Douglas Leggate - BofA Merrill Lynch

Good stuff. Is the AB 32 '11 sitting there or do you have any thoughts about how you might couch the possibility that there are more regulatory expenditures required?

Gregory Goff

For '12, we don't see any significant expenditures for AB 32 because there's still so much work going on in the development of the regulations in that. But hopefully, as we progress through time, we'll get a better idea of the impact from AB 32 standpoint. But I don't see any significant impact in 2012.

Douglas Leggate - BofA Merrill Lynch

I've just got 2 final ones that are fairly quick, hopefully. Hawaii, my understanding was you were having a board meeting to -- and one of the things that was going to come up, where, I guess, was the future of Hawaii. Obviously, a great quarter in Q2, but what's the decision there? Have you reached a conclusion as to what the outlook is? And then I've just got one final one please.

Gregory Goff

Hawaii is like everything else as we're doing evaluations around how we make assets better and what the opportunities in that are. And we have not completed that work yet, but we will shortly be completed with the work around Hawaii. We're just not completely done with what we want to look at.

Douglas Leggate - BofA Merrill Lynch

Maybe by the Analyst Day?

Gregory Goff

Some time.

Douglas Leggate - BofA Merrill Lynch

Okay. Last one for me is, I think a lot of people have tried to get an answer to this, so I'm going to try it from a different angle. The crude discount or the benefit on the West Coast, I mean, obviously, you've never really ran a lot of ANS given the limitations in the supply there over the years. But can you talk about how the evolution of your relative discount to your average crude slate has moved, particularly in 2011 relative to ANS rather than telling us a different crude, nevertheless, all the rest of it? Talk maybe about what the discount has looked like and how that evolved, and what that was like currently. That would be great.

Gregory Goff

Yes, I don't think we have that with us, that we could sit down and go through that. I mean, in California, we're basically running the California heavies and California lights, and then some South American crudes. But I don't...
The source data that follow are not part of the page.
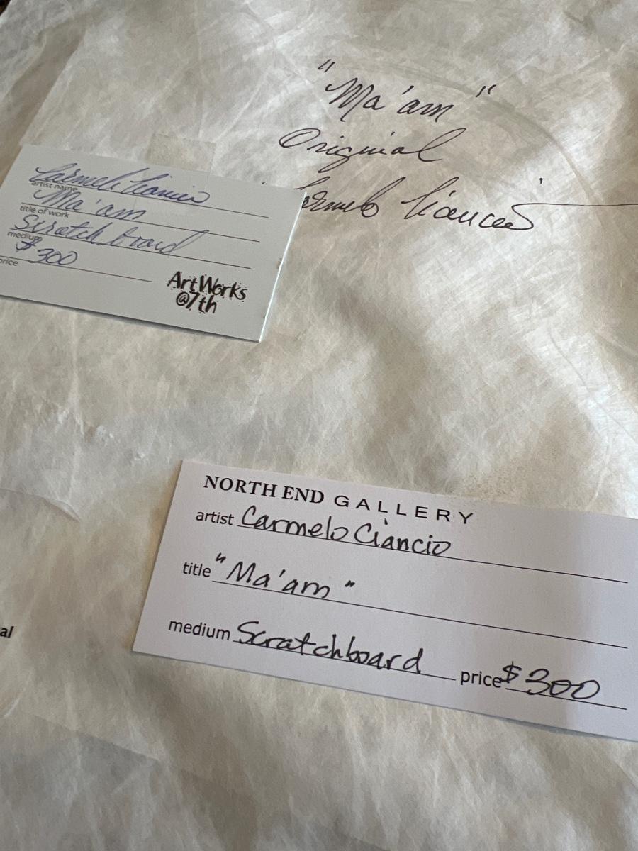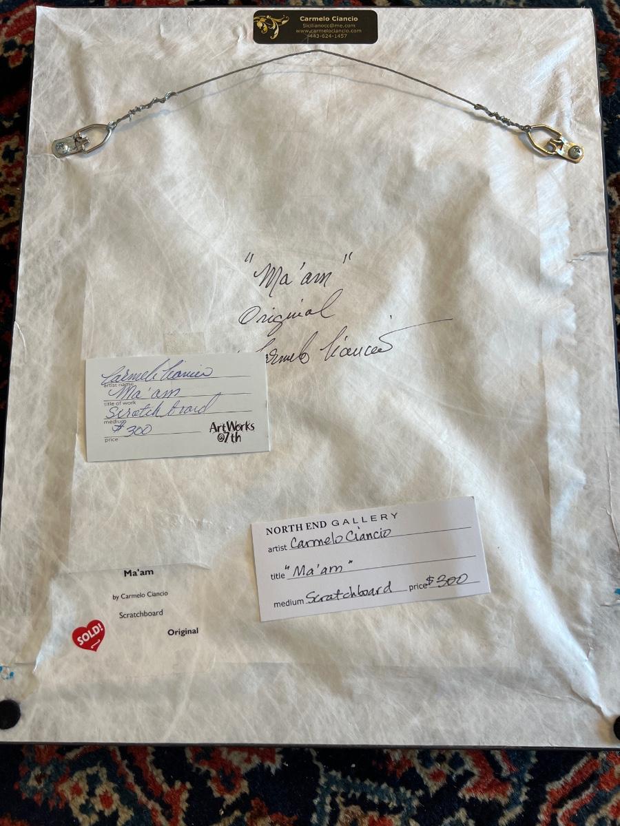 Original Framed Carmelo Ciancio Scratchboard Art - Signed
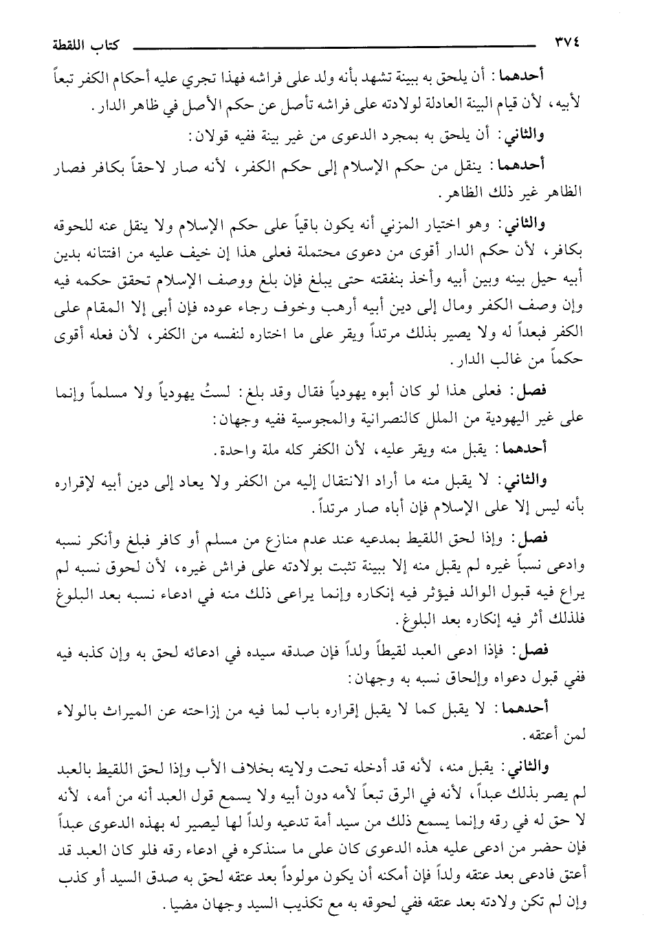 أحدهما: أن يلحق به ببينه تشهد بأنه ولد على فراشه فهذا تجري عليه أحكام الكفر تبعًا لبيه، لأن قيام البينة العادلة لولادته على فراشه تأصل عن حكم الأصل في ظاهر الدار.
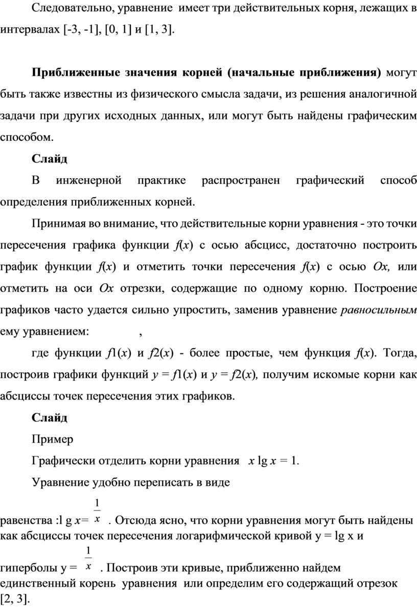 Приближенные значения корней (начальные приближения) могут быть также известны из физического смысла задачи, из решения аналогичной задачи при других исходных данных, или могут быть найдены графическим способом.
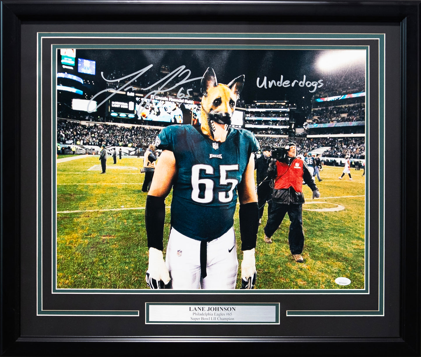 Lane Johnson 16x20 Autographed "Dogmask" Inscribed "Underdogs" Framed
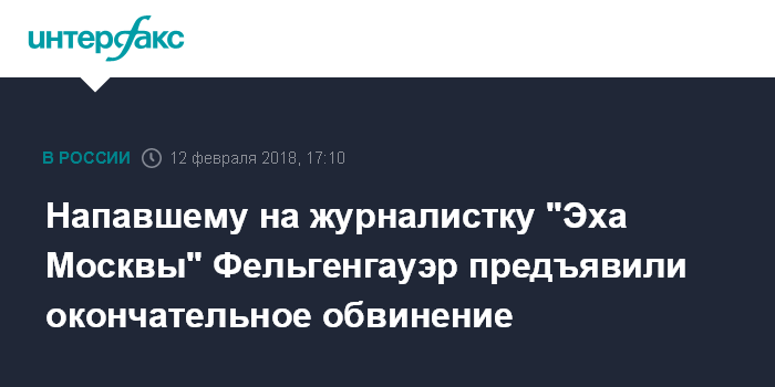 Напавшему на журналистку "Эха Москвы" Фельгенгауэр предъявили окончательное обвинение
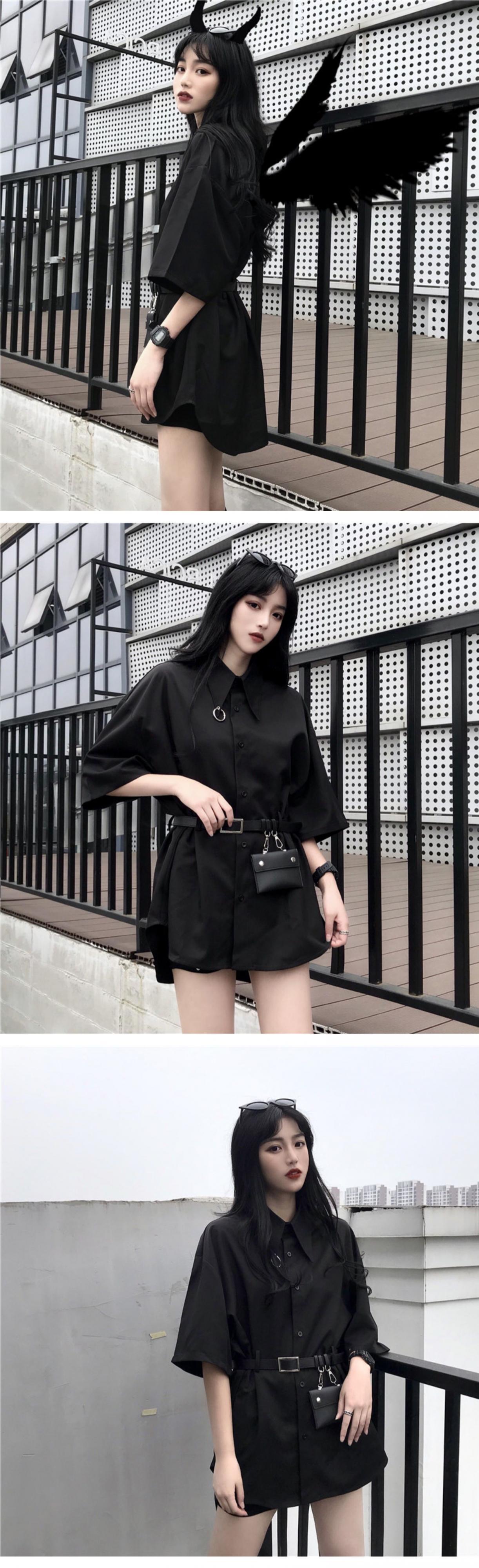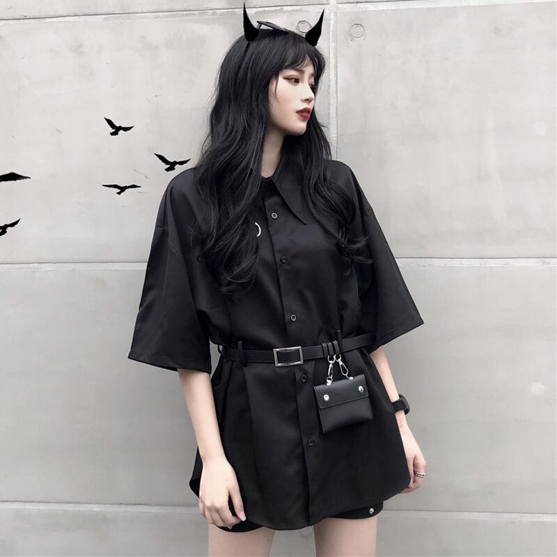夏バージョン2020新しい黒の緩い中間丈シングルブレストPOLO襟半袖学生個性シャツ女性 misskkl17009443830
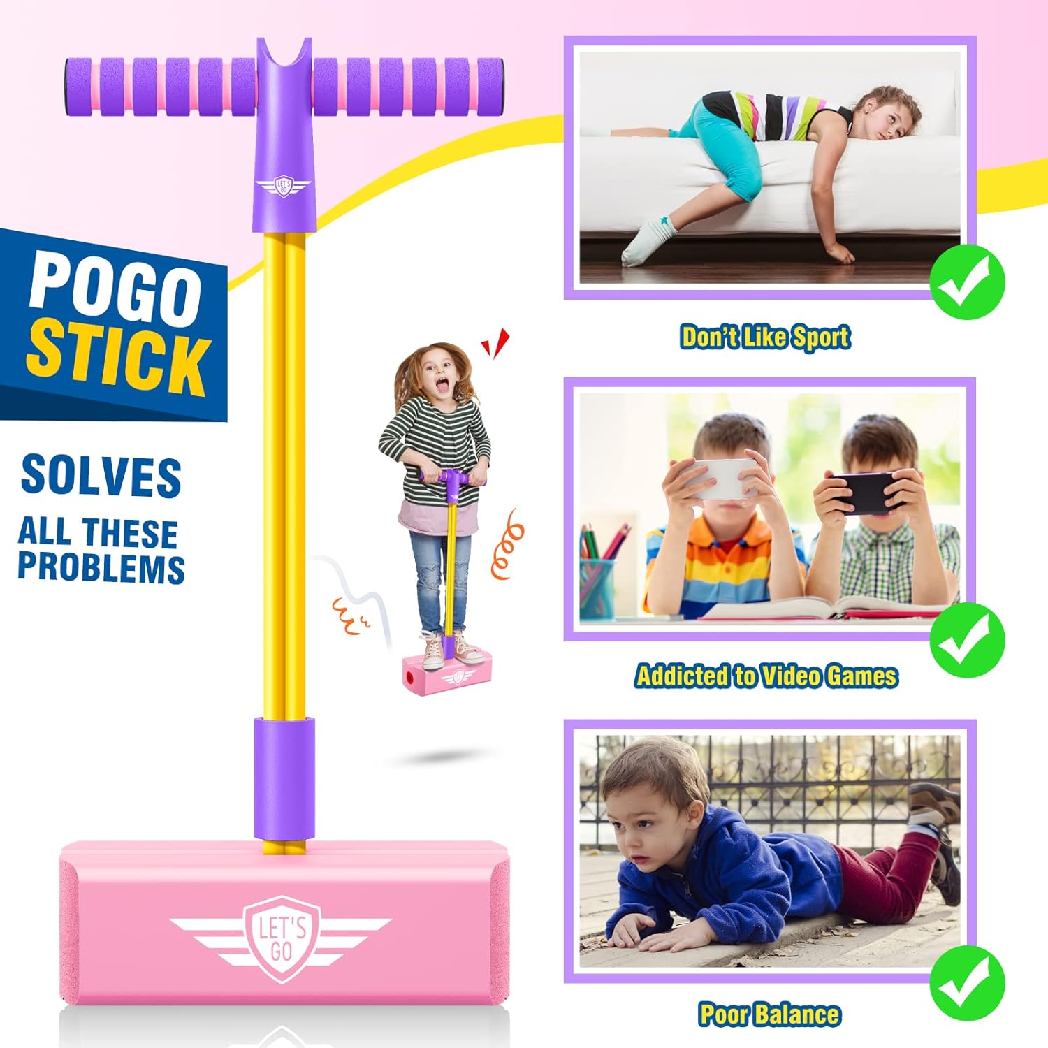 - Train balance: Pogo sticks make great active toys for kids because they help train hand eye coordination, balance, and gross motor skills; Give your kid a headstart in life with a toddler pogo stick
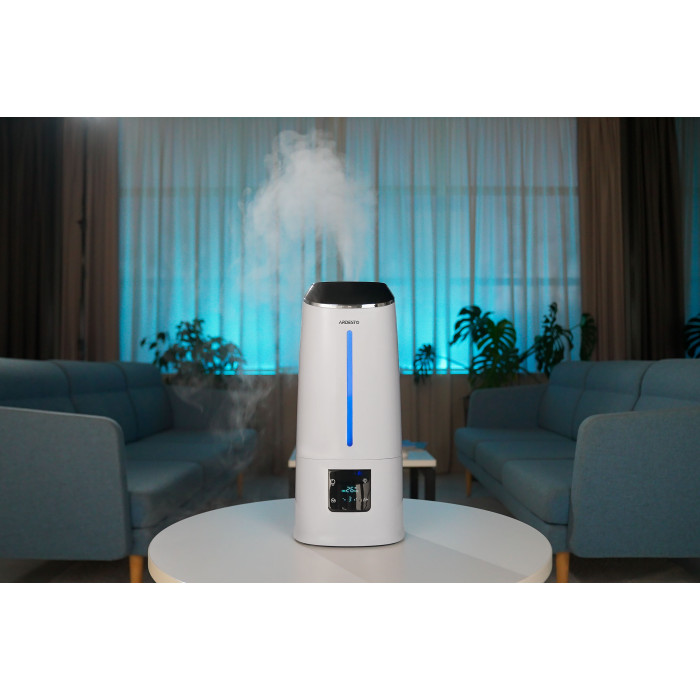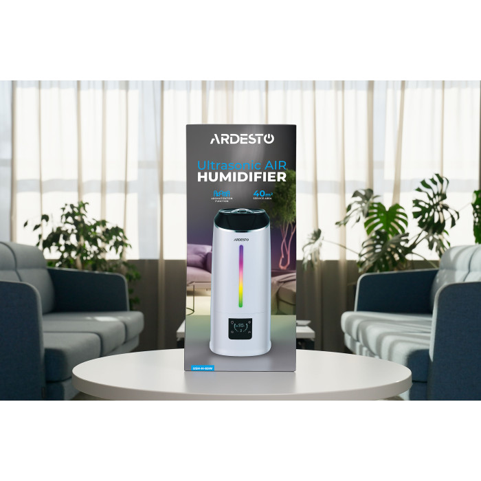 Зволожувач повітря ARDESTO ультразвуковий, 40м2, 6.5л, 390мл/г, електр. кер-ння, пульт ДК, верх. залив води, дисплей, білий
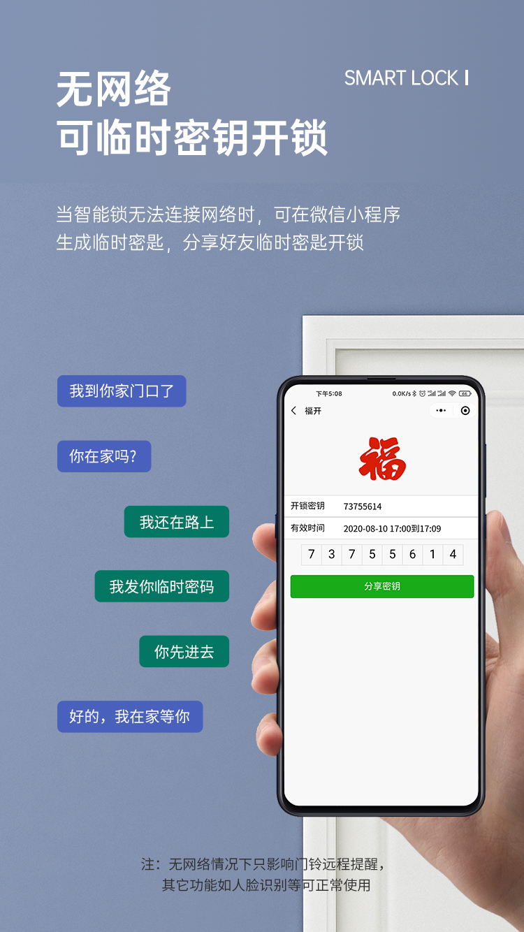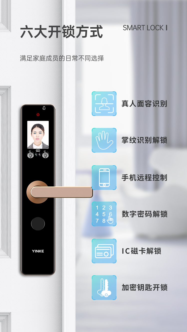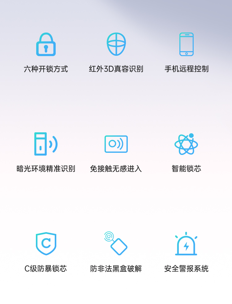 開(kāi)鎖方式:人臉識(shí)別,掌紋識(shí)別,密碼,刷卡,微信小程序,機(jī)械鑰匙,WIFl遠(yuǎn)程開(kāi)鎖
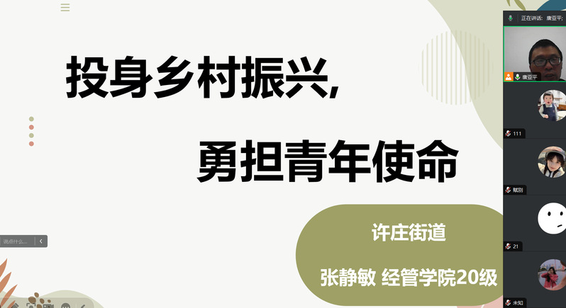 活动还邀请了乡村振兴计划志愿者、公司优秀员工张静敏作“投身乡村振兴,勇担青年使命”的专题分享。她结合自身服务基层的实践经历,生动展现了青年学子在乡村振兴一线的成长与收获,进一步激发了同学们投身基层服务的热情。
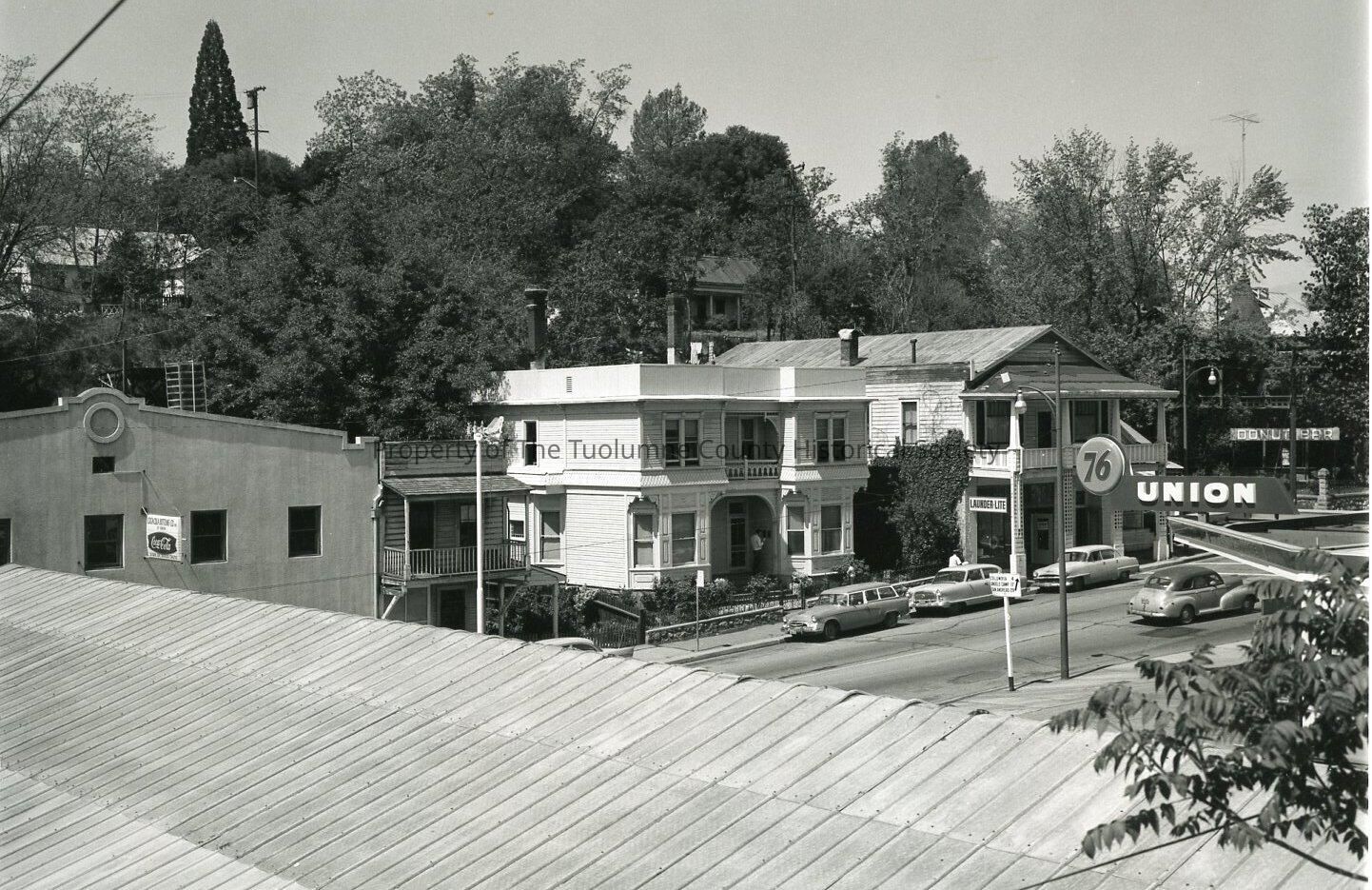 A black and white photo showing west side of North Washington Street with the Tezrich and Union 76.Collection
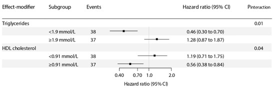 For the association of plasma vitamin C with risk of graft failure, we found signs of a significant interaction with triglycerides and HDL cholesterol (pinteraction = 0.01 and 0.04, respectively; Table S1). In stratified analyses, we found that plasma vitamin C was inversely associated with risk of graft failure particularly in KTR with triglycerides concentration of <1.9 mmol/L (HR, 0.46; 95% CI, 0.30–0.70 per 1-SD relative increment; p < 0.001; Figure 2) or <1.7 mmol/L (common clinical cut-off point; HR, 0.49; 95% CI, 0.30–0.79 per 1-SD relative increment; p < 0.003; Table S2) and HDL cholesterol concentration of ≥0.91 (HR, 0.56; 95% CI 0.38–0.84 per 1-SD relative increment; p = 0.01; Figure 2) and ≥1.1 mmol/L (common clinical cut-off point; HR, 0.41; 95% CI 0.25–0.68 per 1-SD relative increment; p = 0.001; Table S2). Similar results on interaction analyses were found over tertiles of plasma vitamin C (Table 3 and Table S2).
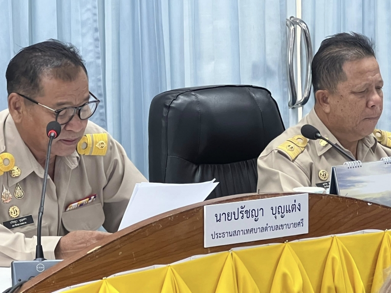 (29 กันยายน 2568) นายปรัชญา บุญแต่ง ประธานสภาเทศบาลตำบลเขาบายศรี ได้ดำเนินการจัดการประชุมสภาเทศบาลตำบลเขาบายศรี สมัยวิสามัญ ครั้งที่ 1 ประจำปี พ.ศ.2568 ในวันจันทร์ที่ 29 กันยายน 2568 เวลา 13.00 น. ณ ห้องประชุมสภาเทศบาลตำบลเขาบายศรี ชั้น 3 เพื่อให้นายกเทศมนตรีตำบลเขาบายศรี เสนอญัตติขอกันเงินงบประมาณในการดำเนินโครงการฯ ตามภารกิจของเทศบาล กรณียังไม่ก่อหนี้ผูกพัน และปรึกษาหารือข้าราชการต่างๆ ต่อสภาเทศบาลตำบลเขาบายศรี ณ ห้องประชุมสภาเทศบาลตำบลเขาบายศรี ชั้น 3 ตำบลเขาบายศรี อำเภอท่าใหม่ จังหวัดจันทบุรี

Douglas Leggate - BofA Merrill Lynch

The reason I'm asking is that Occidental is suggesting that they are getting fuel world market pricing on their crude in California. And I'm just wondering where the discount is coming from and how the -- I know Oriente is a part of that, but I'm trying to get an average number. And currently, could you give us an idea where that's trading relative to ANS? Is it $2 under? Is it $5 under? What should obviously it look like?

Daniel Romasko

Maybe I'll take a shot at -- I don't know if it's going to satisfy all your curiosity, but the -- if you take a look at the Cold Lake type crudes, which are a portion of our diet, they're almost $32 under -- purchasing at $32 a crack relative to say, ANS, which is about $15. But the slate changes frequently based upon what the market opportunities are, and we try to nimbly capture those.

Operator

This concludes the Q&A portion of today's call. Ladies and gentlemen, that concludes today's conference. Thank you for your participation. You may now disconnect, and have a great day.